En su Diario Gombrowicz escribió: «¿Cuáles eran las posibilidades de comprensión entre esa Argentina intelectual, estetizante y filosofante y yo? A mí lo que me fascinaba del país era lo bajo, a ellos lo alto. A mí me hechizaba la oscuridad de Retiro, a ellos las luces de París…» Nominado al Nobel en 1967 y fallecido en 1969, hoy la genial literatura gombrowicziana ha sido reivindicada en Europa y Estados Unidos. Y en su patria, la católica Polonia, que declaró 2004 Año de Gombrowicz, en ocasión del centenario de su natalicio.

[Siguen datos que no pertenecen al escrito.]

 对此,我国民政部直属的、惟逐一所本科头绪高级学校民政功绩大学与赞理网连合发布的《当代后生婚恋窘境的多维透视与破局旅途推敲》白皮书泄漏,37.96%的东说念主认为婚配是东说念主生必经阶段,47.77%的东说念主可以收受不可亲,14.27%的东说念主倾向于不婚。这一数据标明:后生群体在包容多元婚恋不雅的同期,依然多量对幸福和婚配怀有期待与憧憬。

Fue aquella mi primera experiencia porteña en primavera. Antes me había tocado el pegajoso verano bonaerense con sus repentinos monzones torrenciales y lo mismo su húmedo invierno. Los porteños, damas y caballeros haciendo gala de vestir elegante, se habían lanzado sobre la avenida Santa Fe para recibir alborozados la estación de las flores con un desfile de carrozas. El tango vanguardista de Astor Piazzola se colaba melancólico en las aceras congestionadas de la calle Lavalle. La voz de raíz profunda de tinaja quechua, de cañaveral tucumano y trigal maduro santafecino, de vendimia mendocina y zamba de tiempo nuevo de Mercedes Sosa, se me enredaba melosa en los remaches del alma.
Esa tarde de deslumbramiento intelectual sería uno de los goces existenciales que me brindó Buenos Aires. Atrás había quedado el impresionante cruce cordillerano, recorrido desde la metropolitana Santiago de Chile a la provinciana Mendoza y la consiguiente travesía del tren de Ferrocarriles Argentinos que, como una bala silbando, había penetrado la inmensidad pampeana, vulnerando la vastedad del silencio.

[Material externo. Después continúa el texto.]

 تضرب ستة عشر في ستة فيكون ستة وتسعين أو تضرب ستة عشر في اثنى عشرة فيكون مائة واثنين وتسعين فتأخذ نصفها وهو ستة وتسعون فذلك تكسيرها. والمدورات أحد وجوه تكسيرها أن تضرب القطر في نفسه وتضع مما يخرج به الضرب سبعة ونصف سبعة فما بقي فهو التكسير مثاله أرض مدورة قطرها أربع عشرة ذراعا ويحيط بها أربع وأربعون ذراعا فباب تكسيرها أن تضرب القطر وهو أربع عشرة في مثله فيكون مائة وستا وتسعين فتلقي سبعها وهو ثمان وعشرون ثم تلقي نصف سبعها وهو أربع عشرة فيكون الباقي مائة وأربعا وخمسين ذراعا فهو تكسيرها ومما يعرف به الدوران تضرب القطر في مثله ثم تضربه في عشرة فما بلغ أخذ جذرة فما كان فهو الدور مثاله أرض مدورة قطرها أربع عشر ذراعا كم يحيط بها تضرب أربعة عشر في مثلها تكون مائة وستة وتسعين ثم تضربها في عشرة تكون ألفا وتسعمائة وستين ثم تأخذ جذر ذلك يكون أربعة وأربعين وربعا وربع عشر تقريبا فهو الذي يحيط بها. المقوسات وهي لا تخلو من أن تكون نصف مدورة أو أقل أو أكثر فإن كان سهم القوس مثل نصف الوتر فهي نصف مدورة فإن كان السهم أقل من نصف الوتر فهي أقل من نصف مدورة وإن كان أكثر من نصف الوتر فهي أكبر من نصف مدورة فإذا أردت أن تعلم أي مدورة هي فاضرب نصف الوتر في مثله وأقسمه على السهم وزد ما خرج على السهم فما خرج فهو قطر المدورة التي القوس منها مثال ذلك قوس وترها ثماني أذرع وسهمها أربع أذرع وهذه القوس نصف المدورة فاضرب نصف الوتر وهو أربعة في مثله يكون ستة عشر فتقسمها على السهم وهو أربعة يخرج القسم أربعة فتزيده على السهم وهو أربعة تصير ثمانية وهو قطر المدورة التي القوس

En 1990 regresé a mi Buenos Aires querido –como reza el tango de Gardel y Le Pera que mi madre interpretaba con registro melancólico- junto a Manolito García Arévalo. Y en obligado plan de bibliófilos arribamos motivados a la librería El Ateneo. Majestuosa, impecable, con sus estanterías repletas de libros de todo tipo. Grande sería el desconsuelo al encontrar reticencia del personal a cuadrar la venta. No había precio.
Un código alfanumérico en el libro servía de referencia para indagar en el mostrador central el tipo de cambio al minuto. Luego, se aplicaba una fórmula de conversión proyectada. Para finalmente declararle al cliente que se prefería no vender por temor al riesgo de perder en la operación, dada la volatilidad cambiaria. Así las cosas, nos iría mejor en las librerías de viejo, atendidas por sus amables propietarios, libreros veteranos olientes a vieja pólvora de letras y a lomo de libros redomados.

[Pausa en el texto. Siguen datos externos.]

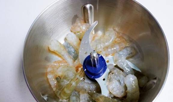 3.将虾肉放入料理机中,加入蛋清,玉米淀粉,鲜鸡汁调味料搅打成泥。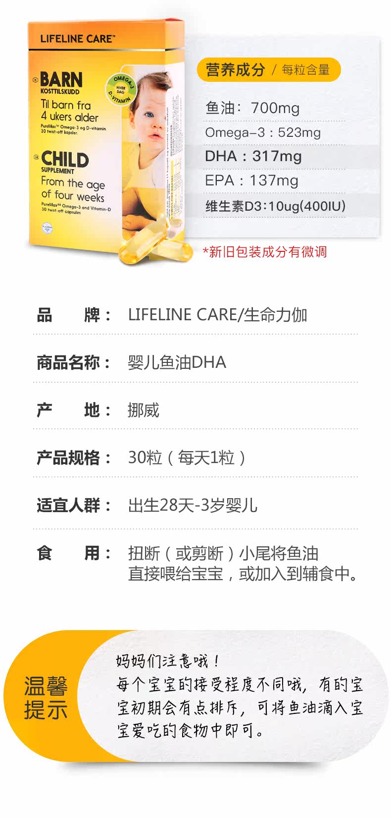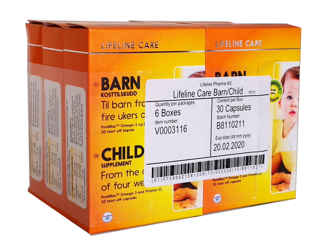 6 ящиков ◆ Lifeline Care, Норвегия, детский рыбий жир Норвежский маленький рыб, малышка DHA D3, добавка кальция Витамин D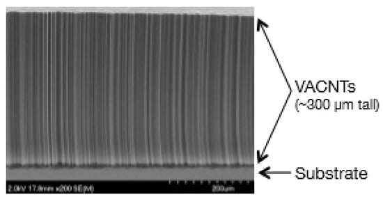 Vertically aligned Carbon Nanotube “Forest” under an electron microscope, forest height 300 μm [9].

Además, en esa ocasión de los 90, El Ateneo ya no aposentaba a Borges, fallecido en 1986, y a sus amigos letrados. Elsa Astete, presentada por Henríquez Ureña a Borges en La Plata en 1931 cual Cupido propiciador, había sido reemplazada por María Kodama, recién llamada al hábitat del Señor. Como en el tango Cambalache, todo había cambiado.